Sam Luca nasceu em Santa Cruz do Escalvado, Zona da Mata mineira e mudou-se para Belo Horizonte ainda na infância. Se envolveu com as artes aos 13 anos, ao entrar para o programa Valores de Minas, onde iniciou com a formação em canto popular e depois migrou para todas as áreas que eram oferecidas. Participou da implementação do terceiro módulo do programa voltado para a inserção de jovens artistas no mercado de trabalho.
Fez aulas de jazz, teatro musical e artes circenses e ingressou no elenco do Circo SESI, que fazia teatro itinerante por todo o estado de Minas Gerais. Foi ali que aprendeu a se maquiar para as apresentações e para se aperfeiçoar, fez um curso de maquiagem com uma amiga onde uma das matérias era a maquiagem artística e Drag.
Ao lembrar da primeira vez que se montou afirma "É transformador o poder da maquiagem, que é um instrumento cotidiano para várias pessoas" e conta "Quando estou finalizando a montagem, eu sinto que ela (Azzula) é tão forte, ela muda o meu corpo, o meu jeito de andar. Ela me causa transformações tão presentes que eu entrego uma coisa muito maior, de ser Drag."
SOBRE O EP
O EP "Fera" conta com três faixas autorais "Fera", "Agora" e "Suor". As canções foram escritas antes da pandemia e já eram apresentadas em shows, mas só foram gravadas em estúdio em 2021.
"Fera" traz diversas referência à ancestralidade negra e os sofrimentos históricos causados aos escravos brasileiros ao traçar um paralelo entre esse passado e o que sofrem os artistas no Brasil, tendo que performar para o público.
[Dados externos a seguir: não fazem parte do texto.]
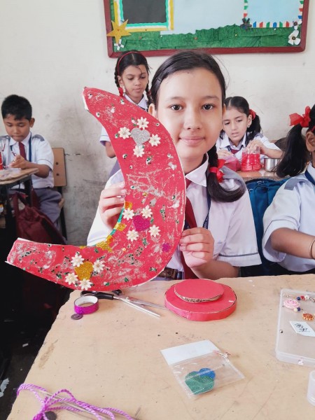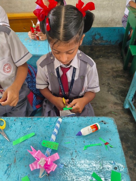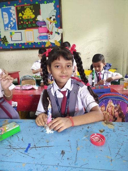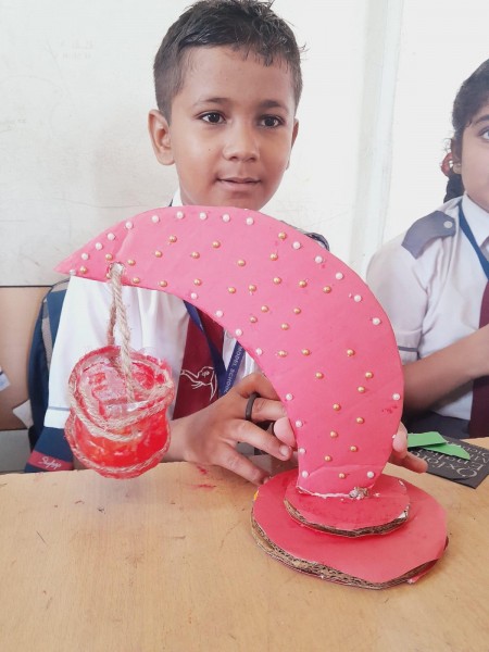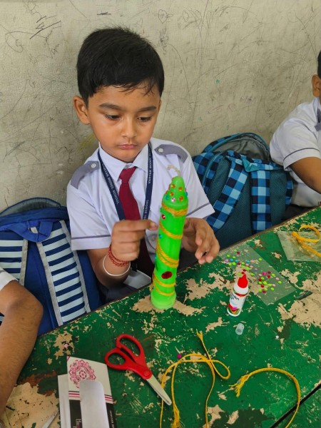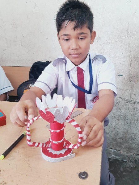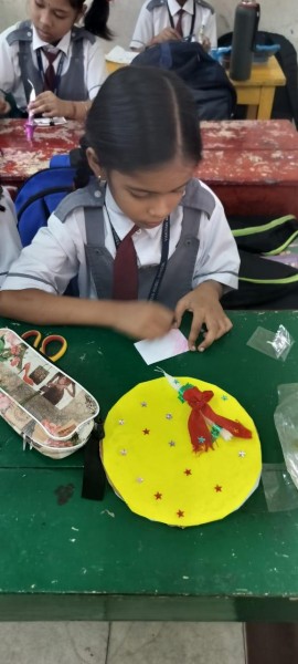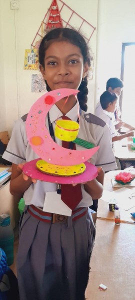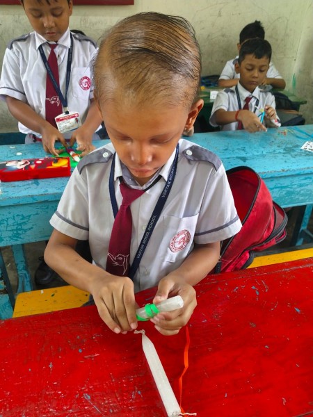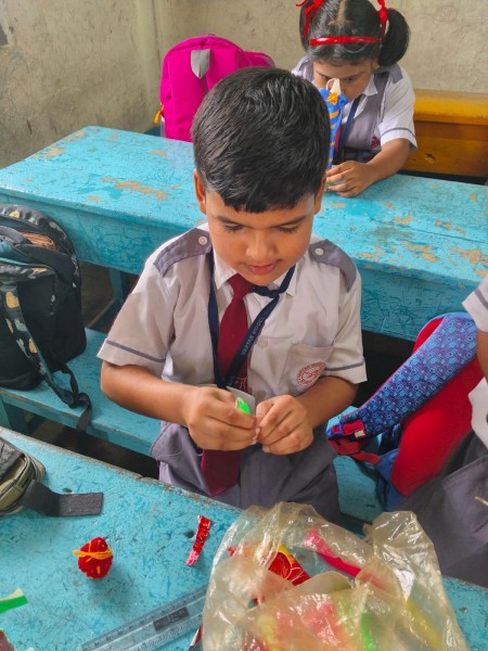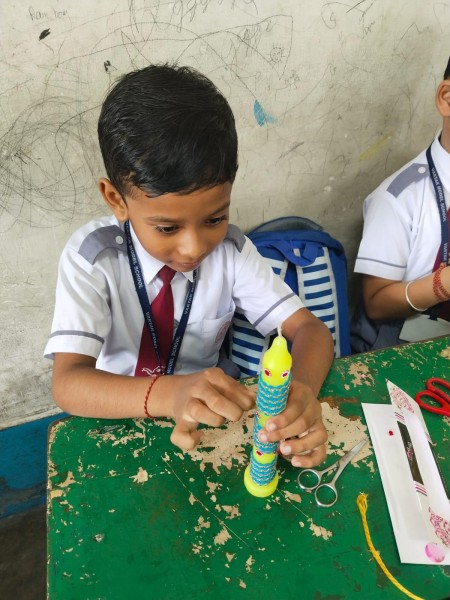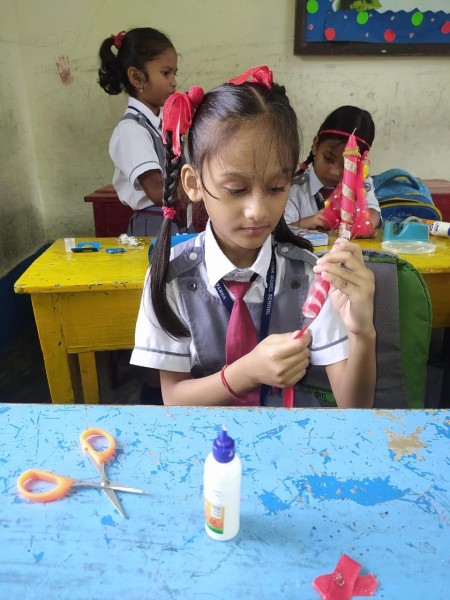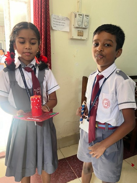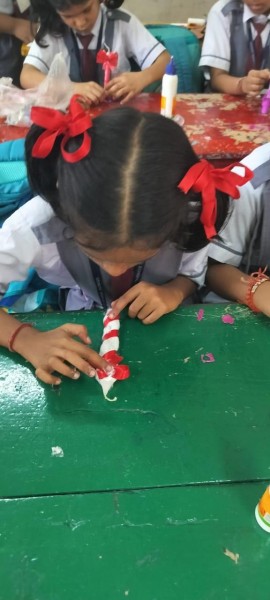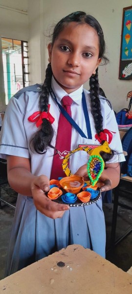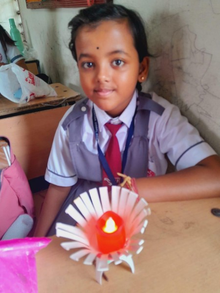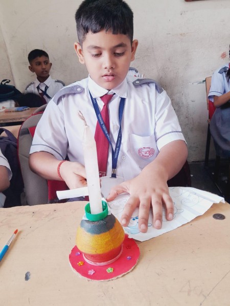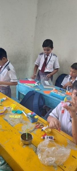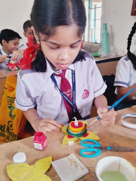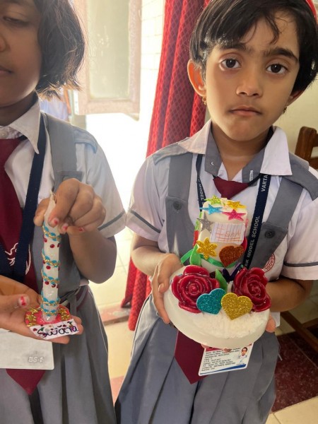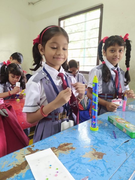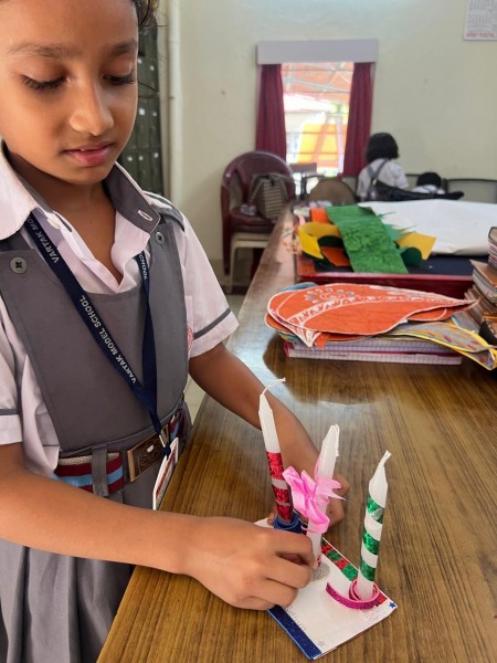 Vartak Model School organized a 'Candle Decoration Competition' for classes 1-3 and a 'Candle Holder Making Competition with Waste Materials' for classes 4-5 on October 29, 2024. The theme of the competition was Diwali. Students enthusiastically participated, decorating candles and candle holders with colored sheets, glitter, and other materials. Principal Mrs. Jonali Talukdar Sarmah commended the students for their creativity and joyful participation.

Mas ao mesmo tempo apresenta a força e resiliência do artista ao abraçar sua fera interior.
"Agora" nos apresenta um passeio sobre o viver aqui e agora, valorizando o que está acontecendo a cada segundo e sobre o que o artista estava vivendo no campo afetivo.
"Suor" vem para fechar a tríade e traz a tona um sentimento antes oculto, mas que se revela em uma relação afetiva inter-racial e mostra que em sua maioria, pessoas negras permanecem vivendo em uma sociedade que historicamente continua reprimindo e deixando-as como coadjuvantes involuntárias e muitas vezes vítimas em suas próprias histórias.
Os vídeo clipes foram gravados no prédio do Diário do Comércio, um lugar dedicado à narrar histórias e onde agora Azzula insere sua própria história.